- _Task brief_: Word for word, restate the records that come next, omitting the images.

*** Opening of Available data ***

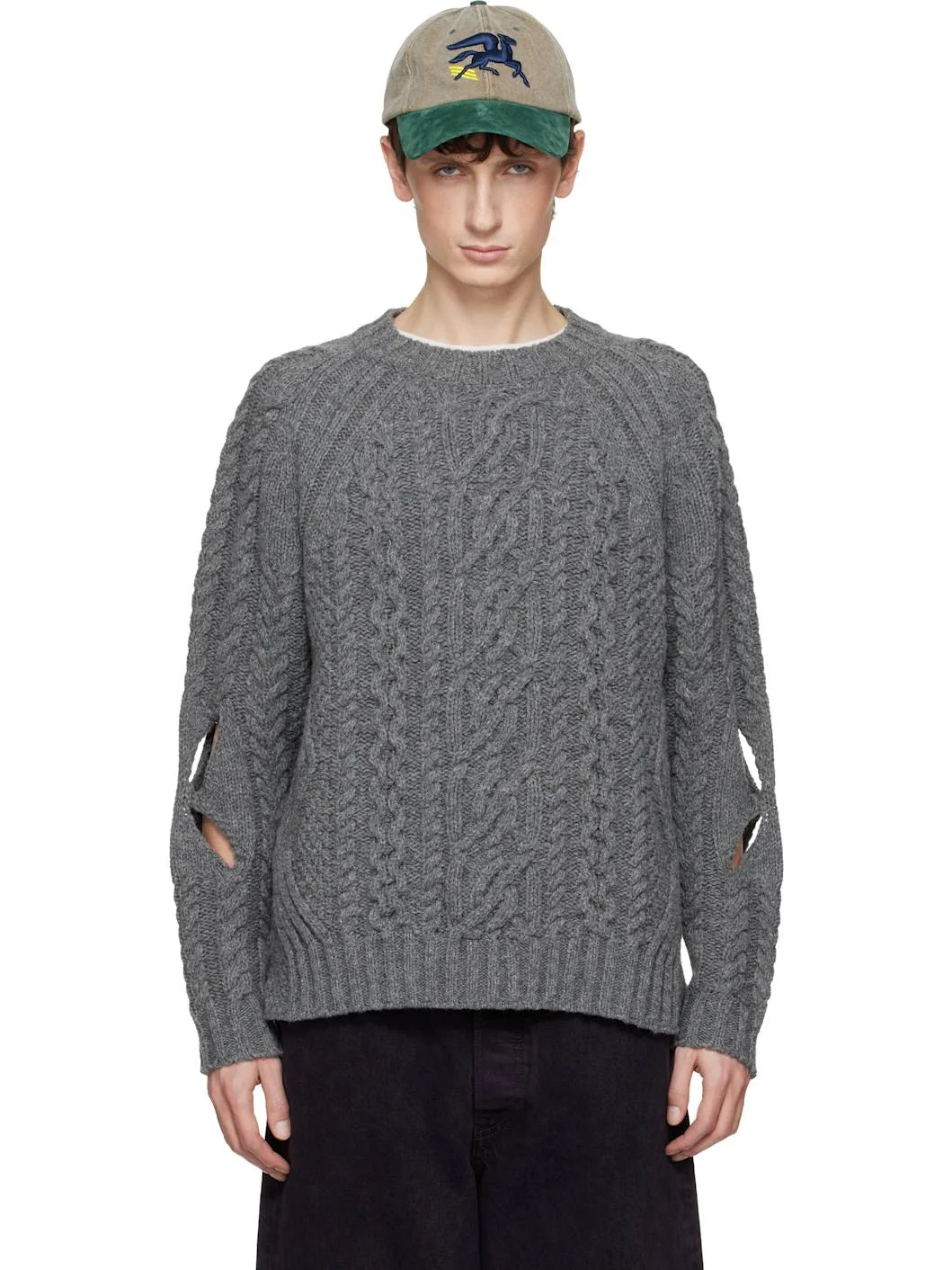 Cable-knit wool sweater. · Rib-knit crewneck, hem, and cuffs · Cutouts at raglan sleeves · Intarsia logo at back collar Supplier color: Grey 100% wool. Made in United Kingdom 252300M201002
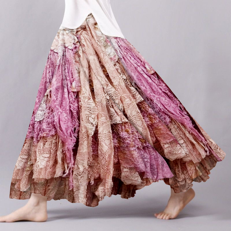 VChics Vintage Lace Boho Flowy Wide Skirt
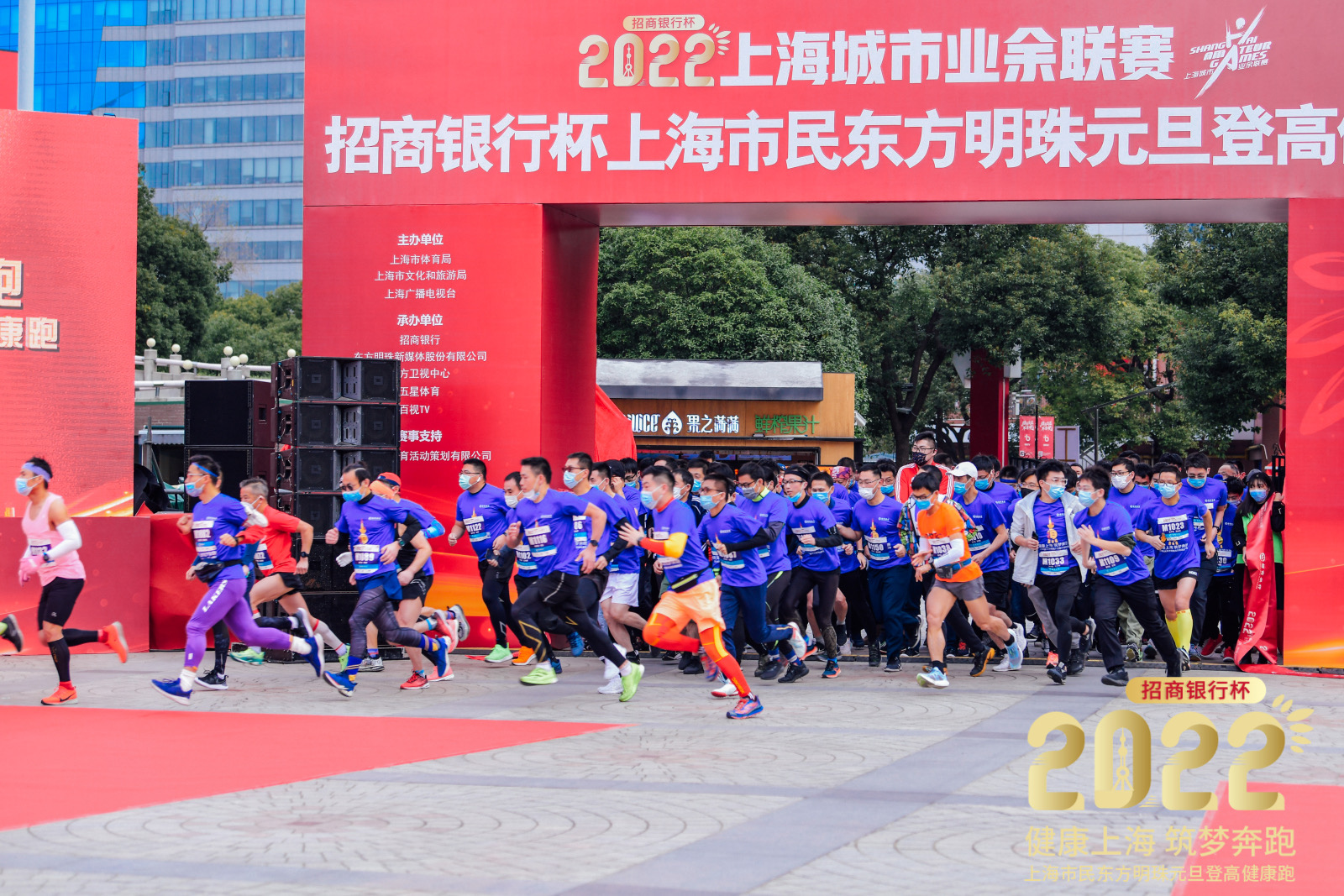 2022年1月1日上午9:00,2022年“招商银行杯”上海市民东方明珠元旦登高健康跑于东方明珠广播电视塔举行。本届元旦登高健康跑以“健康上海 筑梦奔跑”为主题,旨在共建共享健康上海,加快打造全球著名城市,凸显在书写新时代答卷进程中,上海市民高昂的热情和开拓进取的精神风貌。本次活动由上海市体育局、上海市文化和旅游局、上海广播电视台联合主办,招商银行、东方卫视中心、五星体育、东方明珠新媒体股份有限公司共同承办。
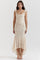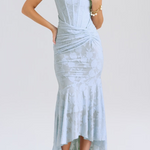 Imponująca sukienka z indywidualnym wycięciem i wypukłym wzorem, który elegancko otula ciało. Modelowany gorset zapewnia wsparcie i kobiecy wygląd, a starannie zaprojektowane plisowania w talii podkreślają sylwetkę. Asymetryczna spódnica dodaje ruchu i luksusu każdej stylizacji.
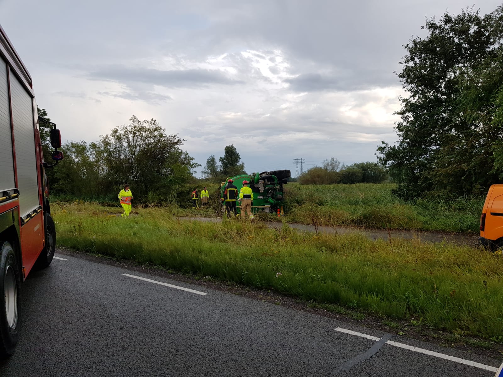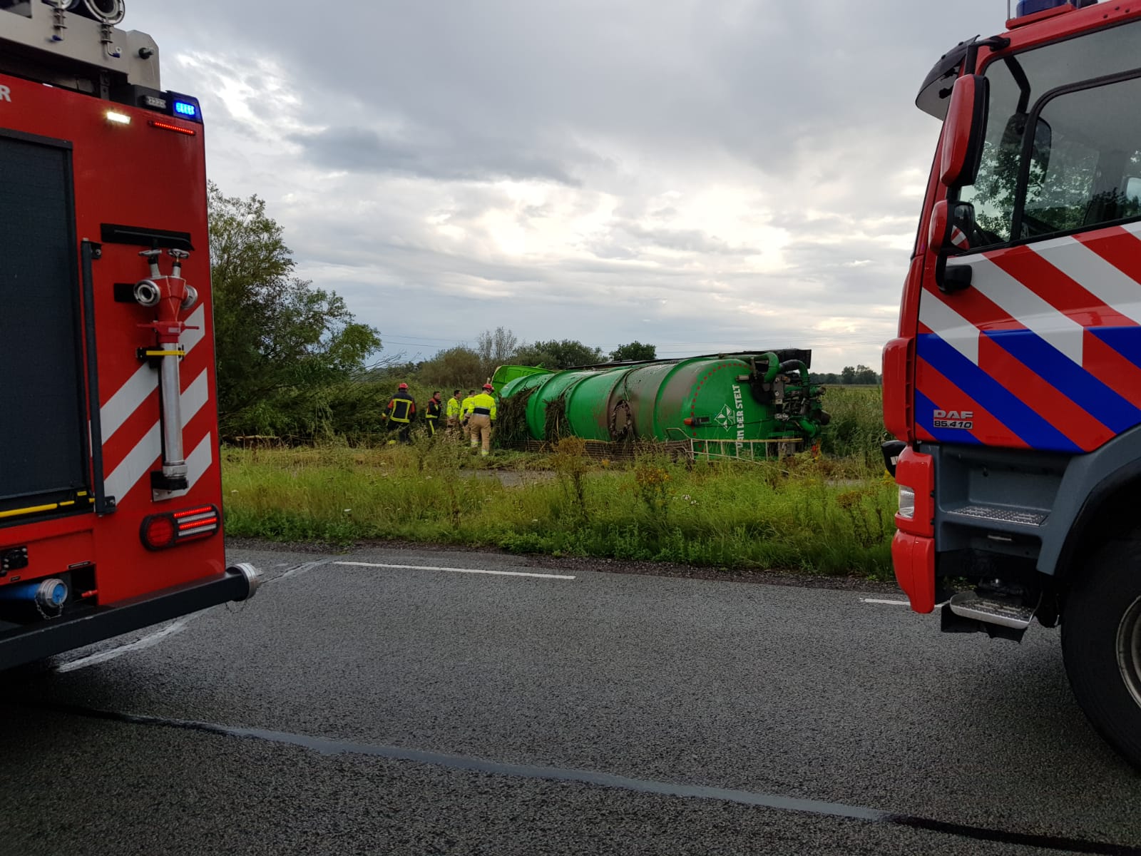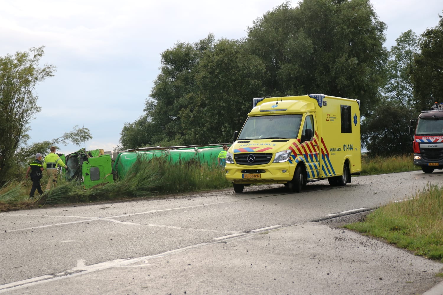 Het ongeluk gebeurde even voor 18.30 uur. De vrachtwagen werd vermoedelijk geraakt door een tegemoetkomende auto. Door de botsing belandde de truck op zijn kant en schoof een aantal meters door de berm in. Twee personen raakten gewond. Ze zijn met onbekende verwondingen overgebracht naar het ziekenhuis.
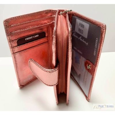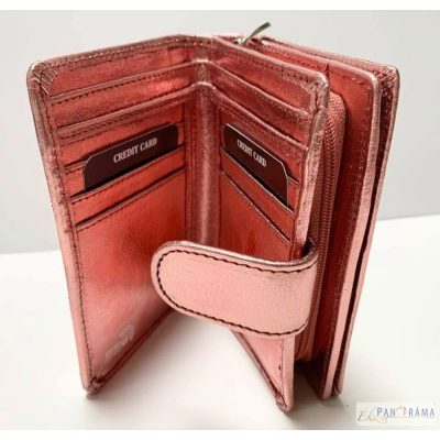 Rose arany-pirosas színű elegáns, nőies darab. Két oldalra nyíló bankjegy és kártya tartó, középen cipzárral záródó két fakkos érme tartó.
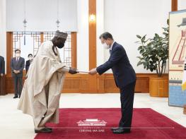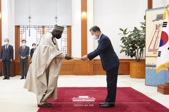 문재인 대통령은 15일 오후 3시 청와대 본관에서 나이지리아, 사우디아라비아, 가나, 필리핀, 에스토니아, 스웨덴, 엘살바도르 등 7개국 주한 대사들로부터 파견국 국가원수의 신임장을 제정받았다.
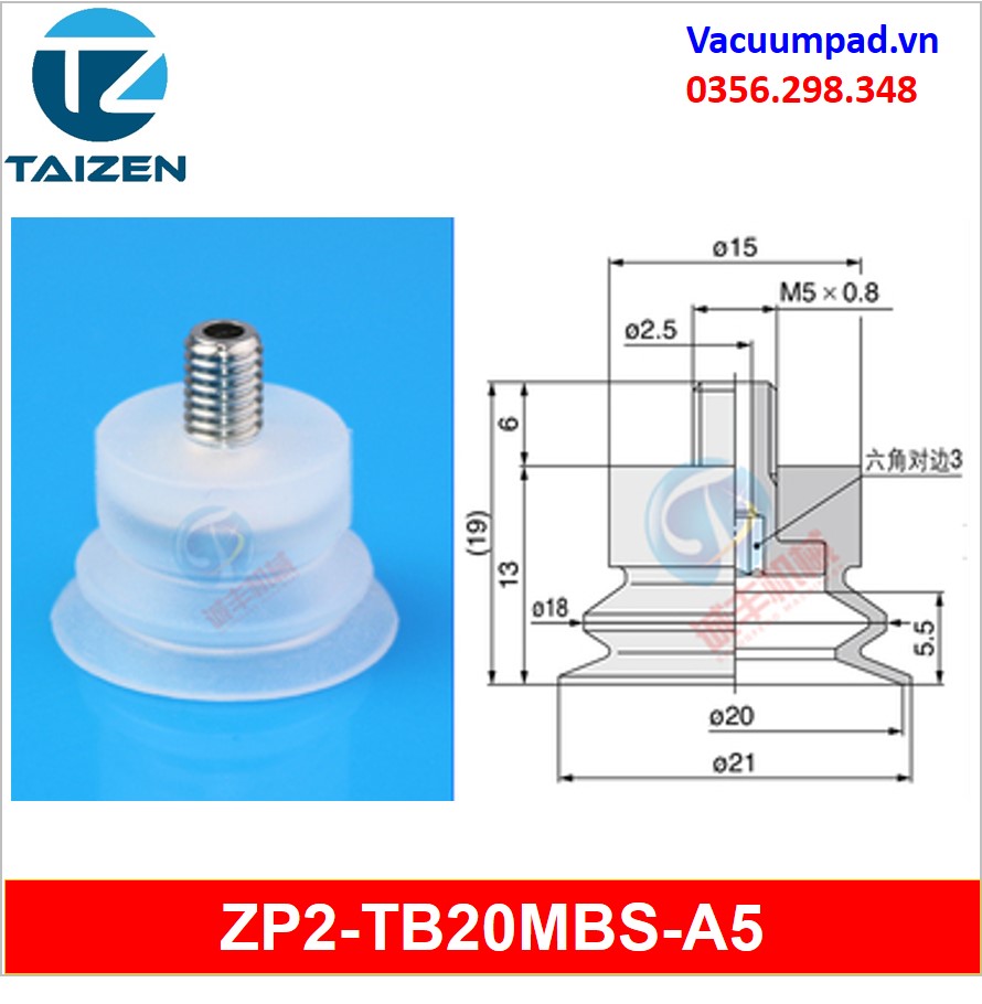 ZP2-TB20MBS-A5, ZP2-TB20MBS-B5 được làm từ vật liệu cao su cao su silicone và đầu nối ren M5, trong và ngoài:
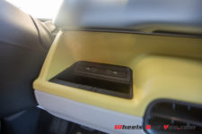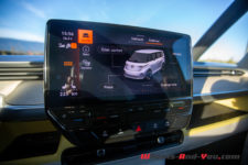 A bord, l’ambiance est similaire : épurée, moderne et colorée. De série, l’intérieur est gris et un peu triste ; heureusement, mon véhicule d’essai dispose du pack Intérieur Style Plus avec une sellerie mixte cuir et alcantara blanc cassé et des habillages bitons blanc et jaune comme l’extérieur. Je suis plutôt déçu par ses habillages tout en plastique peu flatteurs alors que les surfaces sont énormes ! Les contre-portes, la planche de bord, le bas de cette dernière, il y en a simplement partout. Du cuir, agréable au toucher, recouvre le volant et la sellerie mais c’est tout. Les deux sièges perforés ID pourraient provenir d’un autre modèle. Cependant, ils se distinguent à l’avant par des accoudoirs de chaque côté. J’avoue que c’est un argument pour conduire de longues distances en toute décontraction.

*** Close of Available data ***

- _Reply_:
 Cable-knit wool sweater. · Rib-knit crewneck, hem, and cuffs · Cutouts at raglan sleeves · Intarsia logo at back collar Supplier color: Grey 100% wool. Made in United Kingdom 252300M201002
 VChics Vintage Lace Boho Flowy Wide Skirt
 2022年1月1日上午9:00,2022年“招商银行杯”上海市民东方明珠元旦登高健康跑于东方明珠广播电视塔举行。本届元旦登高健康跑以“健康上海 筑梦奔跑”为主题,旨在共建共享健康上海,加快打造全球著名城市,凸显在书写新时代答卷进程中,上海市民高昂的热情和开拓进取的精神风貌。本次活动由上海市体育局、上海市文化和旅游局、上海广播电视台联合主办,招商银行、东方卫视中心、五星体育、东方明珠新媒体股份有限公司共同承办。
 Imponująca sukienka z indywidualnym wycięciem i wypukłym wzorem, który elegancko otula ciało. Modelowany gorset zapewnia wsparcie i kobiecy wygląd, a starannie zaprojektowane plisowania w talii podkreślają sylwetkę. Asymetryczna spódnica dodaje ruchu i luksusu każdej stylizacji.
 Het ongeluk gebeurde even voor 18.30 uur. De vrachtwagen werd vermoedelijk geraakt door een tegemoetkomende auto. Door de botsing belandde de truck op zijn kant en schoof een aantal meters door de berm in. Twee personen raakten gewond. Ze zijn met onbekende verwondingen overgebracht naar het ziekenhuis.
 Rose arany-pirosas színű elegáns, nőies darab. Két oldalra nyíló bankjegy és kártya tartó, középen cipzárral záródó két fakkos érme tartó.
 문재인 대통령은 15일 오후 3시 청와대 본관에서 나이지리아, 사우디아라비아, 가나, 필리핀, 에스토니아, 스웨덴, 엘살바도르 등 7개국 주한 대사들로부터 파견국 국가원수의 신임장을 제정받았다.
 ZP2-TB20MBS-A5, ZP2-TB20MBS-B5 được làm từ vật liệu cao su cao su silicone và đầu nối ren M5, trong và ngoài:
 A bord, l’ambiance est similaire : épurée, moderne et colorée. De série, l’intérieur est gris et un peu triste ; heureusement, mon véhicule d’essai dispose du pack Intérieur Style Plus avec une sellerie mixte cuir et alcantara blanc cassé et des habillages bitons blanc et jaune comme l’extérieur. Je suis plutôt déçu par ses habillages tout en plastique peu flatteurs alors que les surfaces sont énormes ! Les contre-portes, la planche de bord, le bas de cette dernière, il y en a simplement partout. Du cuir, agréable au toucher, recouvre le volant et la sellerie mais c’est tout. Les deux sièges perforés ID pourraient provenir d’un autre modèle. Cependant, ils se distinguent à l’avant par des accoudoirs de chaque côté. J’avoue que c’est un argument pour conduire de longues distances en toute décontraction.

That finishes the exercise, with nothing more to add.